Doctors at the Vanderbilt Medical Center say the patient has about five years to live without the transplant.  Further, Melson isn't claiming any right to pay nor company medical coverage.  It turns out that the patient's Medicaid will pay for the transplant and post-operative care.

Ultimately, this comes down to a company deciding that an inconvenience to them outweighs a life-saving surgery for another human being.  One must ask the question, would Roberts and his corporate leadership care more if the patient was related to one of them!

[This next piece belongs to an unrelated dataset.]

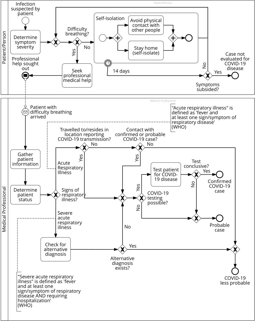 O aluno do curso de Ciência da Computação do Instituto de Informática da Universidade Federal do Rio Grande do Sul, Nicolas Mauro de Moreira Bohnenberger, modelou os processos de transmissão e contágio de humano para humano do SARS-CoV-2 e os processos de identificação e manifestação sintomática da COVID-19. A pesquisa, cujo objetivo principal é a identificação de similaridades e variantes entre os processos do SARS-CoV-2 e da COVID-19 com outros vírus e doenças, está sob orientação da professora adjunta do INF, Lucineia Heloisa Thom e foi desenvolvida em cooperação com a médica Alessandra Ceolin Schmitt da Mayo Clinic (Scottsdale, Arizona).

Business is a foundation of society.  It's important and it should be encouraged as a free state of enterprise.  But, it is not more important than life itself, nor should laws be passed to enforce that central moral code.  Society has a right to assume a conscience exists in humanity, and in cases where it does not, then society must extract the price! 

What must happen here is for this press coverage to cause a firestorm of protests against Tennessee Apparel.  If the leaders of this company cannot come to a moral decision on their own, then perhaps they need a pointed reminder of the business implications. 

In other words, if not morality, then perhaps money.  Sadly, to some people, it seems the money matters more than life!